In the beginning of this episode a woman goes to withdraw money from an ATM inside the bank, having over 37 million yen in her account.  She has this converted to Yen-Dollars, which seems to be the currency used in the anime and gets just over two million in return.  Batou explains (at least in the sub) that the exchange rate is only 7%.  Moments after, the bank is robbed by a group of old men, working alongside the equally old security guard, but the robbers stand no chance against the fully prosthetic body of Batou.  All of them, including the woman, have been wronged by the bank at one point or another, and are here seeking revenge, but their plan is misguided, which they realize after Batou explains to them that they can’t actually spend any of the paper currency they’re stealing.  According to the police who arrived on the scene, this is the first bank robbery in 25 years.

Their stories are awful.  The woman wants to be euthanized after seeing her husband die a painful death but needs three million yen-dollars to do it.  The guard wants the money to be able to bury his wife but can’t afford to after the bank manager lost his pension betting on cryptocurrencies.  After hearing their stories, Batou agrees to help them, showing them how to steal the money electronically instead.  Batou, the Major, Togusa, and everyone in the cast I haven’t mentioned are by now members of Japan’s Public Security Section 9, so it’s ironic to see someone who’s effectively a member of the police help them pull it off.

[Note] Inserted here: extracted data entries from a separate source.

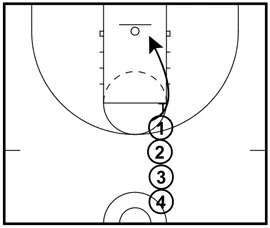 The drill should be run from each side of the court, teaching players to sweep from left to right and right to left. This will also work on footwork by allowing them to take the first step with both their right and left foot.
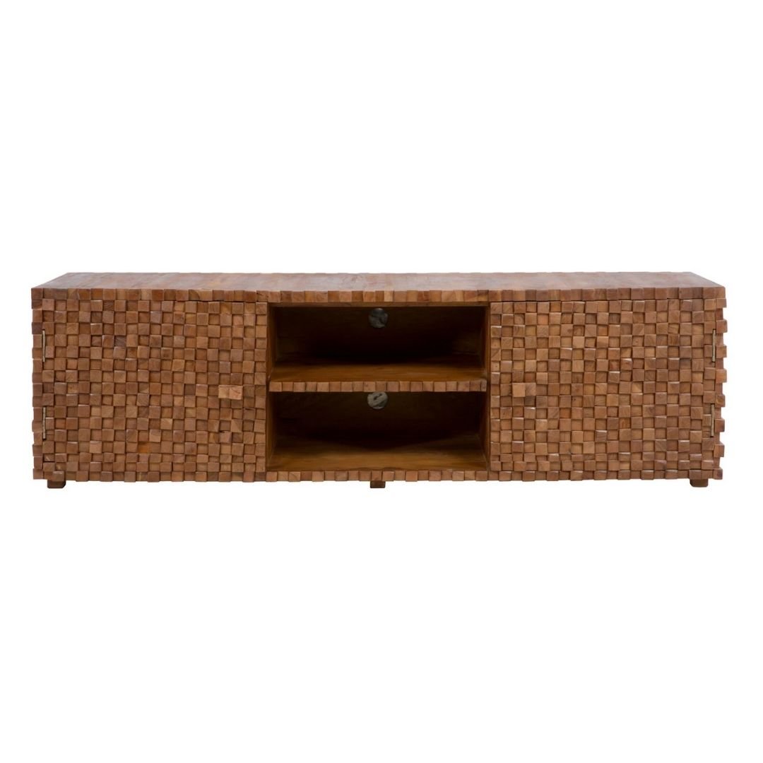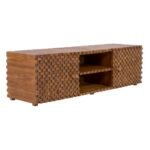 Indian Inspired Tribal Solid Wood Honey TV Unit With 2 Door 2 Shelves
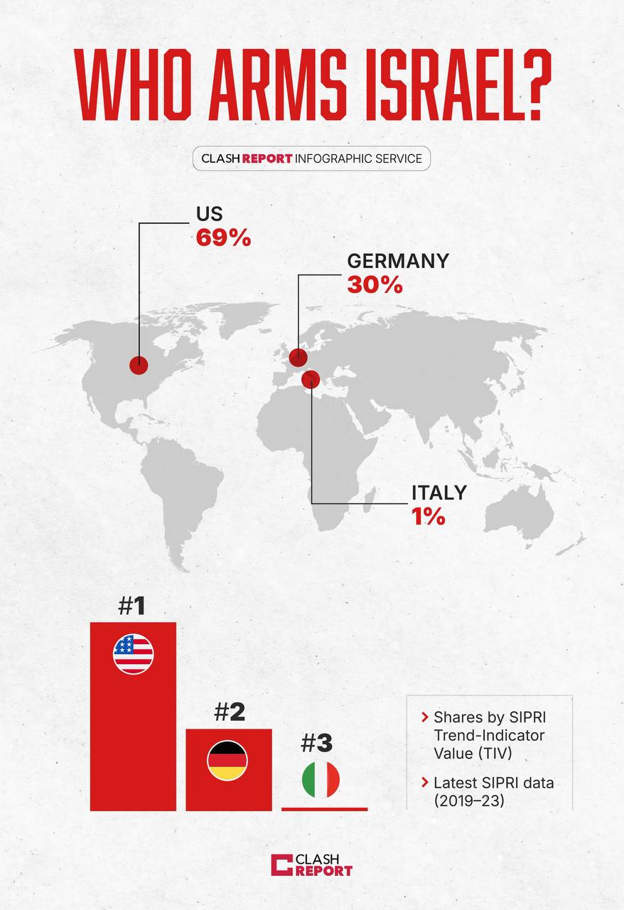 The United States and Germany remain Israel"s primary weapons suppliers, providing 69% and 30% of its arms, respectively, between 2019 and 2023. Despite escalating violence in the region, both nations have continued their military support, with the U.S. increasing aid following the October 7, 2023, attacks.

The episode closes with the woman from the beginning deciding to go on a trip to Honolulu to enjoy the rest of the twelve million yen-dollars before she goes to Switzerland to join her husband, so to speak.  From hearing their stories it might be hard to imagine this, but they’re the lucky ones.  Most people lost everything.  The woman only had the money because her husband had kept it in paper currency.  As our money becomes increasingly digital in nature, we run an increasing risk that something like this could happen to us.

In fact, something similar was depicted in the 2015 show ‘Mr. Robot‘ (which I’ll probably have to write about at some point, so stay tuned) as well, and had a destructive impact on the world’s economy in a similar way to the simultaneous global default referenced in SAC_2045.  I’d forgive you for imagining that this is also a narrative fantasy, but this too is more based in reality than you’d think.  Truth is banks already see millions of attempted attacks each year, and though the losses aren’t high, hackers are increasing the sophistication of their attacks faster than bank security.  What’s worse, the Federal Reserve claims that a successful attack on just one of the US’s most active five banks could affect as much as 38% of the banking network.

The same year that Mr. Robot released, the world saw the SWIFT banking network attacked, losing millions of dollars to the hackers including over $100 million from Bangladesh, showing the world that banks could be robbed electronically, and inspiring a new generation of hackers to try to replicate their results.  While these attacks aren’t a destabilizing force yet, experts worry that a successful attack could lead to bank insolvency and/or a run on the banks like we saw leading up to the Great Depression.

So, both of the events that led to the proliferation of global sustainable war are possible now, not just in 2045.